Quante scoperte spaziali, ecco gli ultimi studi

Redazione

Un recente studio condotto dai ricercatori dell’unità di ricerca STAR dell’Università di Liegi ha rivelato la sorprendente composizione chimica, ovvero tracce di atomi liberi di ferro e nichel, dell’atmosfera delle comete, e ciò anche a grande distanza dal Sole. Una scoperta che potrebbe fornire risposte sulla formazione delle comete e sulla nascita del nostro sistema solare.

Questa è la prima volta che i metalli pesanti, solitamente associati ad ambienti caldi, vengono scoperti nell’atmosfera fredda di comete lontane. “È stata una sorpresa rilevare atomi di ferro e nichel in tutte le comete che abbiamo osservato negli ultimi due decenni, vale a dire una ventina di esse, e anche in quelle lontane dal Sole, nell’ambiente. Spazio freddo“, spiega Jean Manfroid, astrofisico e primo autore dello studio.

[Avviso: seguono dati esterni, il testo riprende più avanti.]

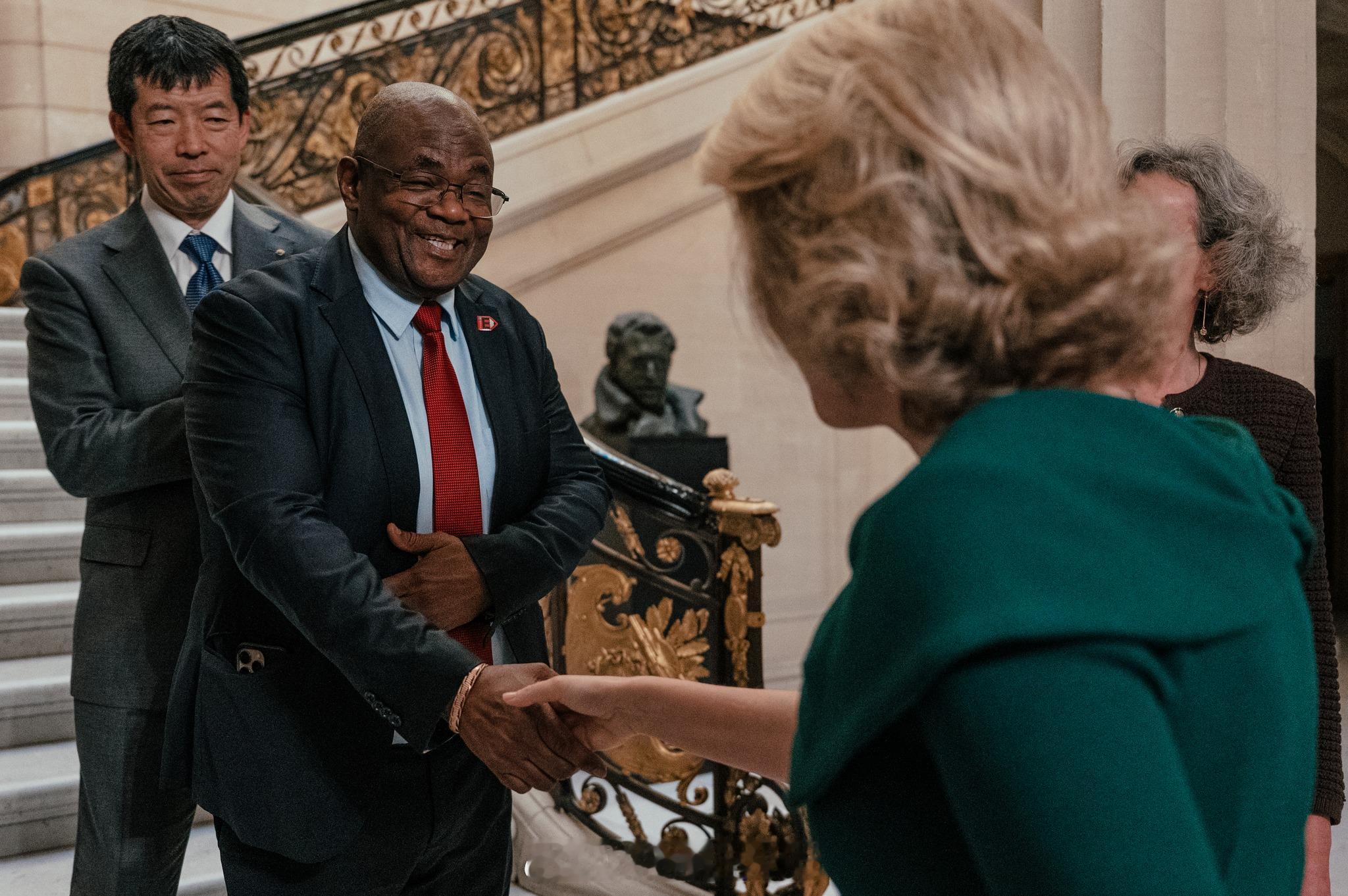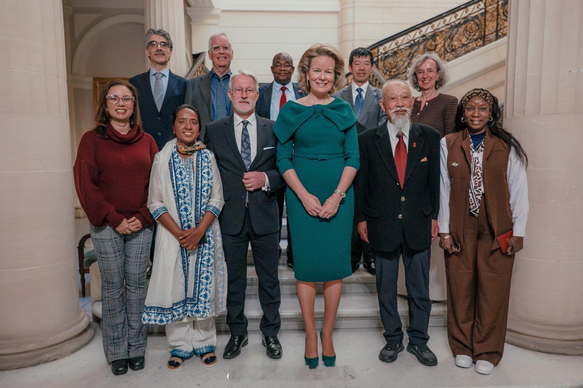1.30 比利时王后玛蒂尔德在王宫接待客人,裙子来自natan。他们新换的滤镜真的太黄了
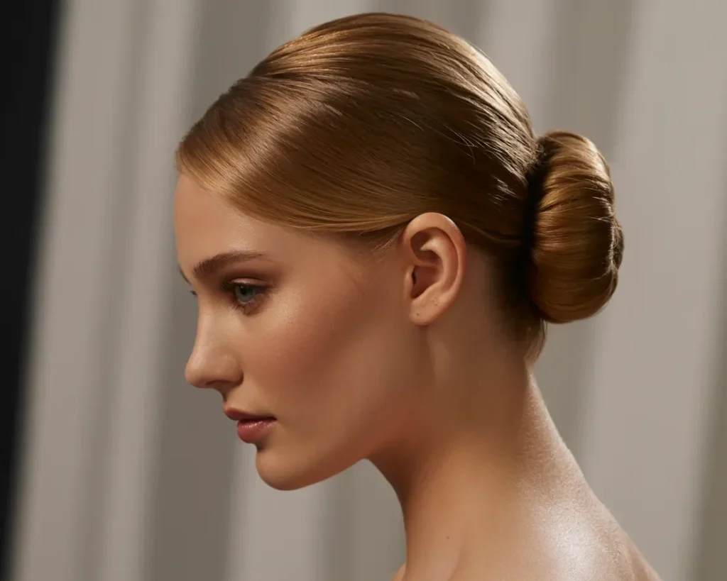 A sleek low bun is an elegant and timeless hairstyle that works beautifully for vacation dinners, events, or even a relaxed day out. This polished look features smooth, neatly pulled-back hair with no flyaways, creating a sophisticated vibe. The hair is gently gathered at the nape of the neck and twisted into a bun, offering both comfort and style.
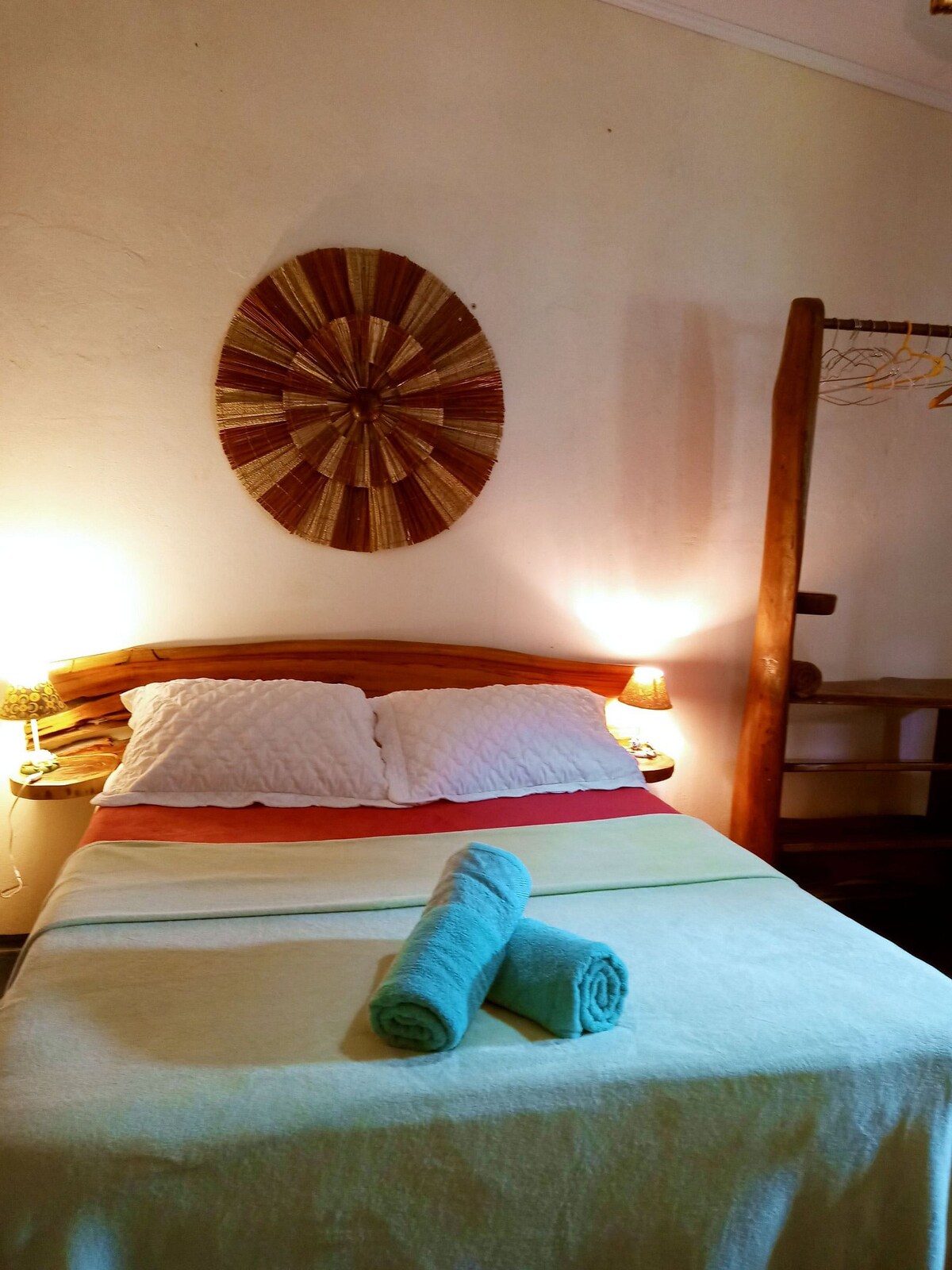 Situado en la entrada de Vila de São Jorge, en el municipio de Alto Paraíso de Goiás, el corazón de Chapada dos Veadeiros y la entrada al Parque Nacional. Ubicación exelente, con cama de matrimonio y dos camas individuales, baño, cocina completa con balcón y jardín. Totalmente amueblado, equipado con TV, wifi, microondas y aire acondicionado. Tenemos una zona al aire libre que se comparte con otros huéspedes y nuestro personal. No permitimos mascotas. Tiene capacidad para 4 personas cómodamente.
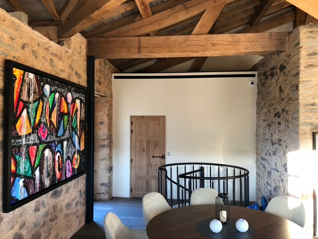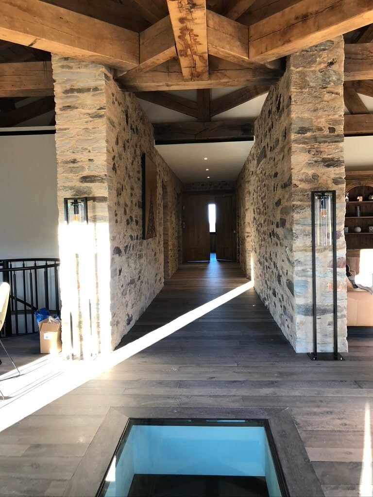 Conserver ce patrimoine historique et le projeter avec toute la technologie et le confort du 21ème siècle. L’esthétique s’articule autour d’un subtil mélange entre pierre brute, vieux bois et design épuré.
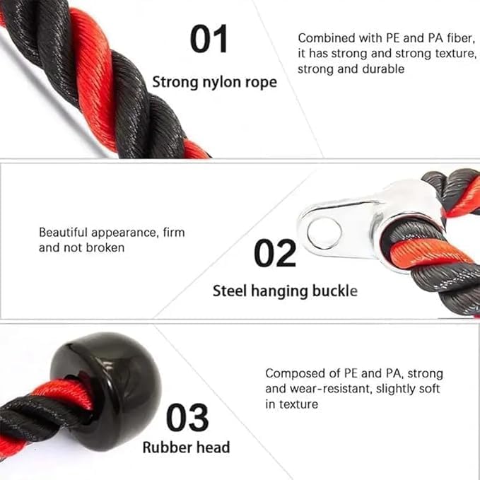 - ✪ حبل كابل ثلاثي الرأس مصنوع من النايلون عالي الجودة 69 سم، قوي ومتين، رؤوس حماية للبيئة على كلي الطرفين، كثافة عالية ومتانة جيدة، يمكن ربطه بأي نظام رياضي عالمي للتدريب المتعدد.
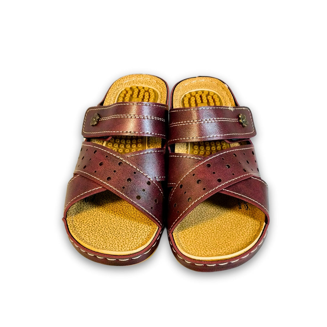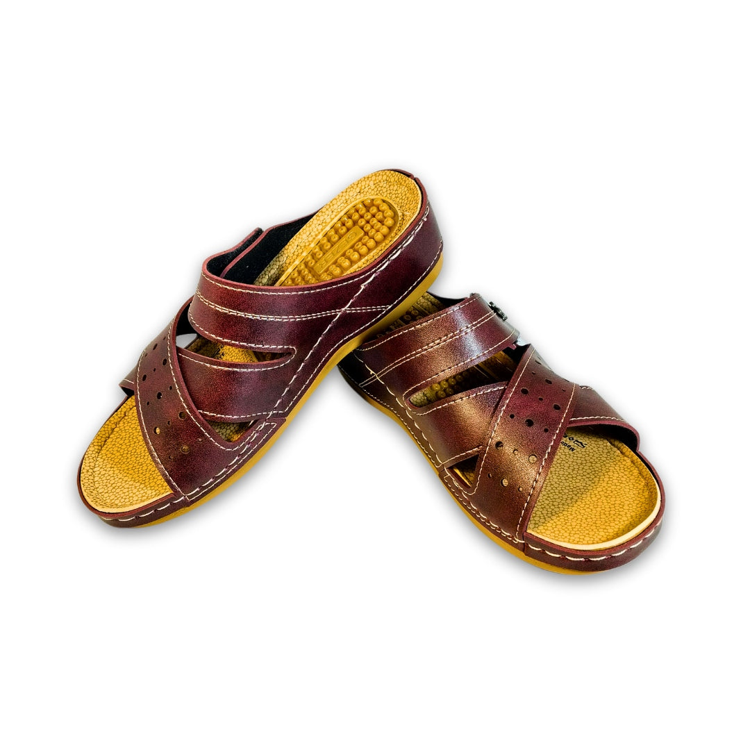 Papuci anatomici ultra lejeri,piele ecologica,taloneta masaj,culoare BORDO- 14572
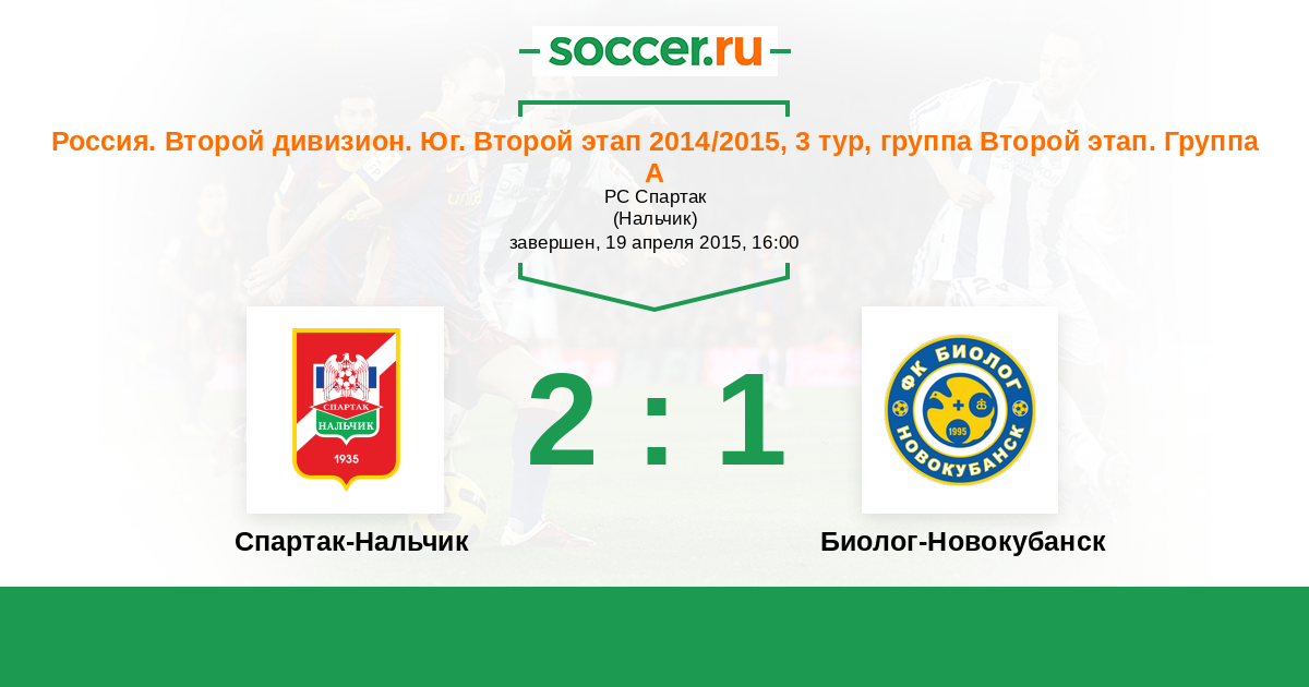 Россия. Вторая лига. Группа 1 25.04.2016 Биолог-Новокубанск Логотип футбольный клуб Биолог-Новокубанск 0:2 Логотип футбольный клуб Спартак-Нальчик Спартак-Нальчик
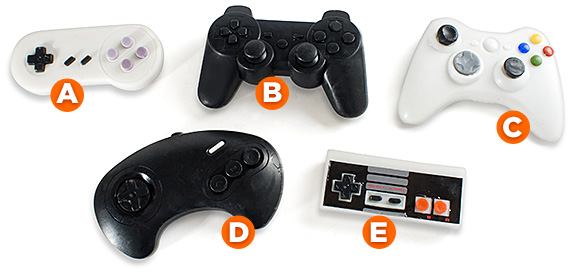 D) SEGA Mega Drive Controller, E) NES Controller
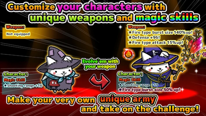 Step into a vibrant world where creativity knows no bounds. In Cats the Commander, players can mix and match their cats with various weapons and magical items collected throughout their journey. The only limit is your imagination! Assemble a fierce feline army, sharpen those claws, and prepare to unleash legendary cat heroes. The adventure is as limitless as your creativity!
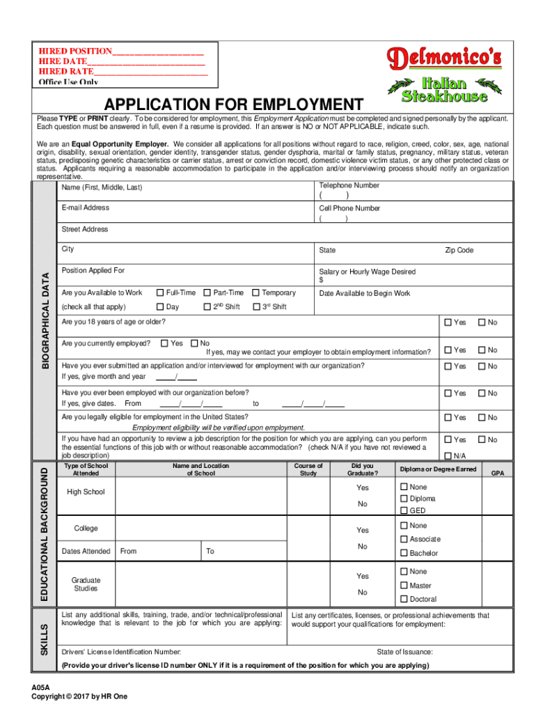 HIRED POSITION___ HIRE DATE___ HIRED RATE___ Office Use Only236APPLICATION FOR EMPLOYMENT Please TYPE or PRINT clearly. To be considered for employment, this Employment Application must be completed
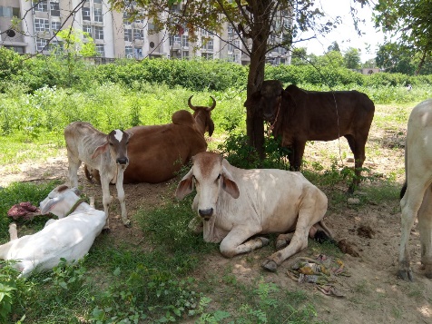"Es sind inzwischen noch ein paar Bullen dazu gekommen. Unter denen die direkt auf dem Feld neben uns wohnen und bei uns essen: eine alte milchlose Kuh Satyabhama, ein junger ausgewachsener Bulle Govinda, ein Kalb Ramanuja, zwei mittelgroße Bullen Vishnu und Haridas."

Quante scoperte spaziali ecco gli ultimi studi
Foto@Wikimedia

Le comete si sono formate circa 4,6 miliardi di anni fa e da allora non hanno subito praticamente alcuna trasformazione. In questo senso, sono come fossili per gli astronomi e forniscono informazioni sulle prime fasi del sistema solare. Prima della formazione dei pianeti” , racconta Emmanuel Jehin , Ricercatore FNRS nell’unità di ricerca STAR e coautore dello studio.

Questa non è l’unica scoperta spaziale recentemente fatta da ricercatori di Liegi.

Infatti, un team del Centro spaziale di Liegi (CSL) ha appena sviluppato un nuovo metodo che consente di identificare le origini della luce diffusa sui telescopi spaziali. Luce diffusa che limita le prestazioni dei dispositivi e impedisce di ottenere un’immagine nitida.

I ricercatori del CSL, in collaborazione con l’Università di Strasburgo, sono riusciti a risolvere questo problema grazie all’utilizzo di un laser pulsato a femtosecondi che emette fasci di luce per illuminare il telescopio. “Utilizzando un rilevatore ultraveloce, misuriamo l’immagine e i diversi effetti di luce parassita in momenti diversi. Possiamo quindi identificare ciascuno dei contributori di luce parassita utilizzando il loro tempo di arrivo e quindi conoscere il tempo.” Origine del problema“. spiega Lionel Clermont, esperto di sistemi ottici spaziali e luce diffusa presso CSL.